Description David Paul 2016-02-02 03:02:05 MST
Could you provide more detail on the use of sbatch with the "--bb=" switch?

In this form the command simply hangs:

sbatch --bb="create_persistent name=dpaul50T capacity=50TB access=striped type=scratch"

A user reported their command was accepted (no details on command line) but no BB allocation was created.

Thanks.
Comment 1 Tim Wickberg 2016-02-02 03:16:06 MST
You still need to provide a batch script - if they hit enter with that command line you gave the sbatch command is expecting the script file to be provided on stdin (and terminated with Ctrl-D).

I'm guessing they got a blank line back on the terminal (which was sbatch listening on stdin), then hit Ctrl-C which cancelled the request - so no request would have been sent to slurmctld.

If they don't want to create an empty job script to give as an argument, you can use --wrap "" as an argument like so:

sbatch --bb="create_persistent name=dpaul50T capacity=50TB access=striped type=scratch" --wrap ""
Comment 2 Tim Wickberg 2016-02-08 08:07:48 MST
Did you have any further questions on this, or can I go ahead and mark this as resolved?

- Tim
Comment 3 Tim Wickberg 2016-02-08 08:13:14 MST
Did you have any further questions on this, or can I go ahead and mark this as resolved?

- Tim
Comment 4 Tim Wickberg 2016-02-11 07:58:01 MST
Marking as resolved/infogiven.
Comment 5 David Paul 2016-02-12 05:01:03 MST
Sorry for the delay replying.

The command does not create the persistent reservation.
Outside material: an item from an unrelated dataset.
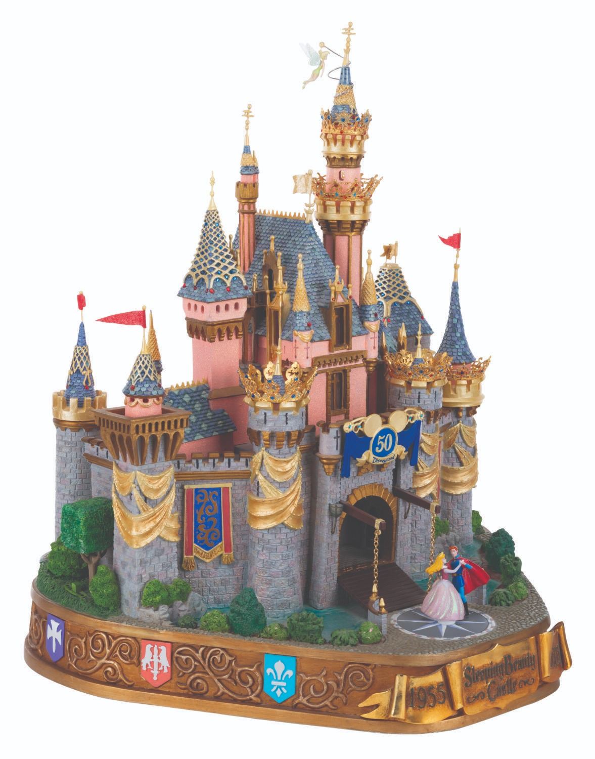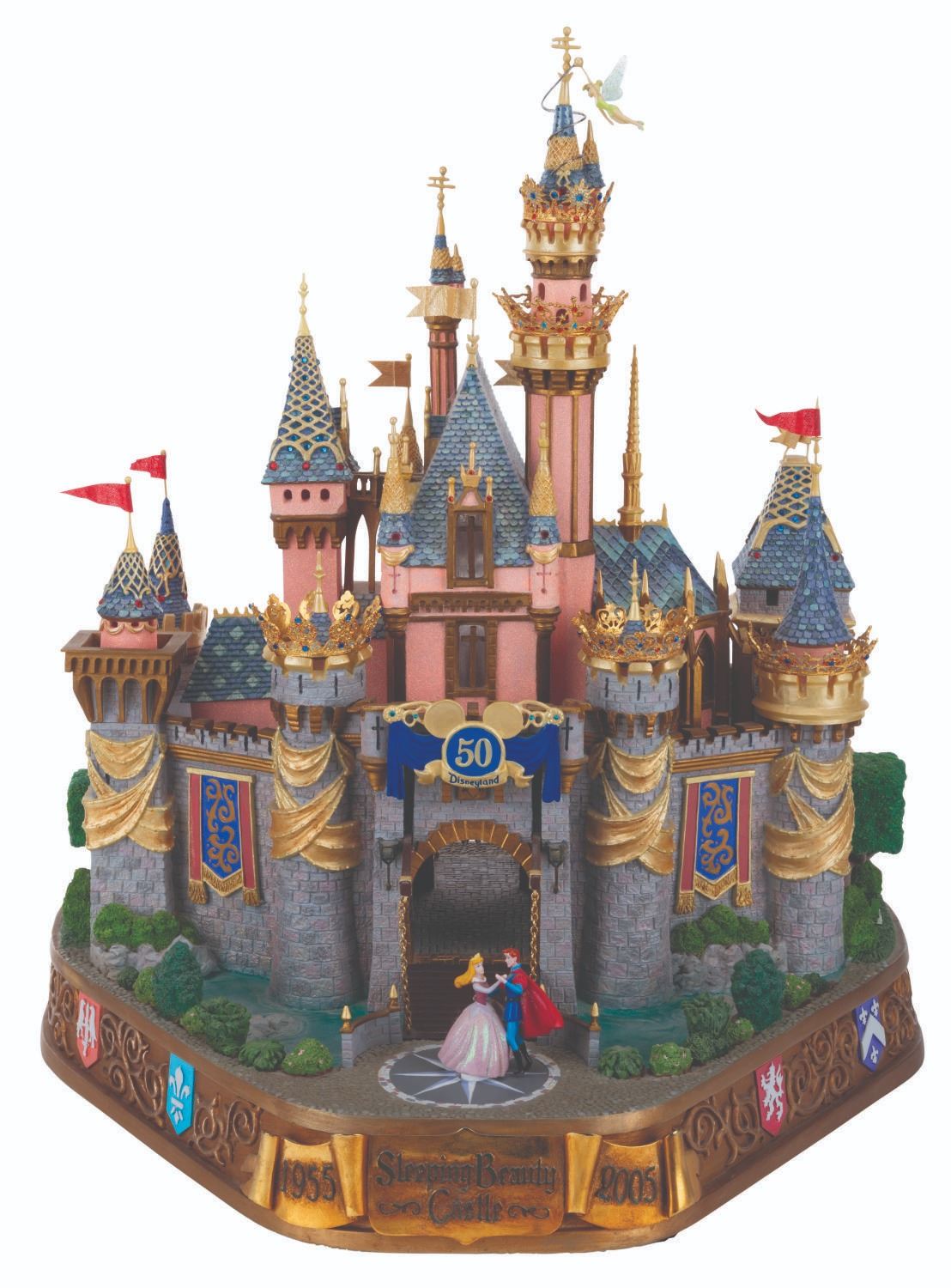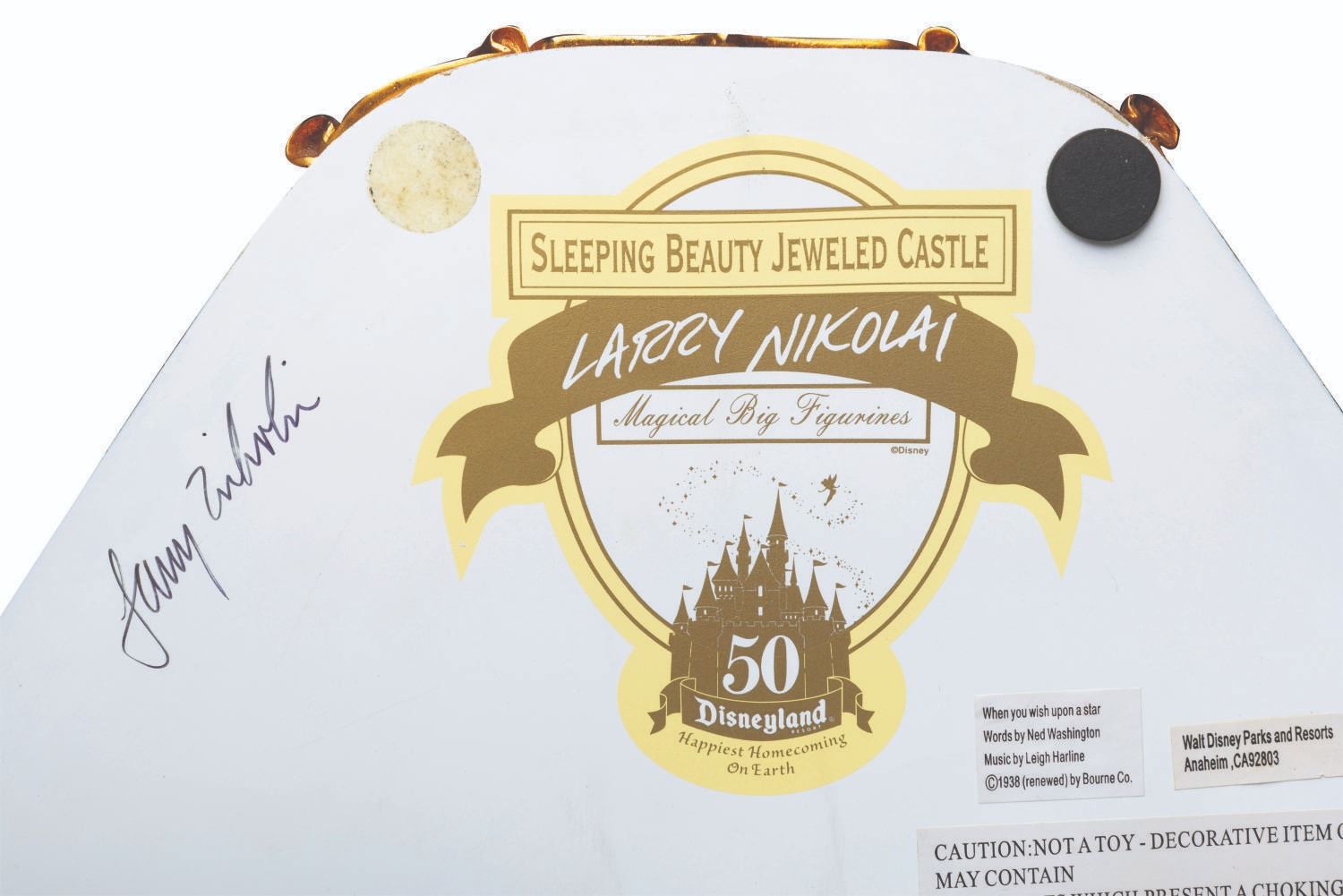 (Disneyland, 2005) A Sleeping Beauty Castle Magical "Big Fig" designed by artist Larry Nikolai for the 50th anniversary of Disneyland. The intricately detailed cast resin figure features the Castle decorated for the Park’s Golden Anniversary with Aurora and Prince Phillip sharing a dance at the entrance. Nikolai signed the bottom of the statue with a black marker. The music feature worked when tested, though the lights did not work. Measuring 15” x 12” x 17” tall, the Big Fig displays in very good condition with visible repair on the spires, the battery compartment loose, and electrical features non-functional due to heavy corrosion.

[dpaul@cori03]==> sbatch --bb="create_persistent name=dpaul200GB capacity=200GB access=striped type=scratch" --wrap ""
Submitted batch job 1132507

[dpaul@cori03]==> squeue -l -u dpaul
Fri Feb 12 10:56:35 2016
             JOBID PARTITION     NAME     USER    STATE       TIME TIME_LIMI  NODES NODELIST(REASON)
           1132507     debug     wrap    dpaul  RUNNING       0:01     10:00      1 nid00092

[dpaul@cori03]==> scontrol show job 1132507
JobId=1132507 JobName=wrap
   UserId=dpaul(15448) GroupId=dpaul(1015448)
   Priority=28929 Nice=0 Account=mpccc QOS=premium
   JobState=COMPLETED Reason=None Dependency=(null)
   Requeue=0 Restarts=0 BatchFlag=1 Reboot=0 ExitCode=0:0
   RunTime=00:00:04 TimeLimit=00:10:00 TimeMin=N/A
   SubmitTime=2016-02-12T10:55:00 EligibleTime=2016-02-12T10:55:00
   StartTime=2016-02-12T10:56:34 EndTime=2016-02-12T10:56:38
   PreemptTime=None SuspendTime=None SecsPreSuspend=0
   Partition=debug AllocNode:Sid=cori03:33651
   ReqNodeList=(null) ExcNodeList=(null)
   NodeList=nid00092
   BatchHost=nid00092
   NumNodes=1 NumCPUs=64 CPUs/Task=1 ReqB:S:C:T=0:0:*:*
   TRES=cpu=64,mem=124928,node=1
   Socks/Node=* NtasksPerN:B:S:C=0:0:*:* CoreSpec=*
   MinCPUsNode=1 MinMemoryNode=122G MinTmpDiskNode=0
   Features=(null) Gres=craynetwork:1 Reservation=(null)
   Shared=0 Contiguous=0 Licenses=(null) Network=(null)
   Command=(null)
   WorkDir=/global/u1/d/dpaul
   StdErr=/global/u1/d/dpaul/slurm-1132507.out
   StdIn=/dev/null
   StdOut=/global/u1/d/dpaul/slurm-1132507.out
   Power= SICP=0
Comment 6 Tim Wickberg 2016-02-12 06:41:12 MST
Looks like my understanding of the --bb option was incomplete, sorry about that.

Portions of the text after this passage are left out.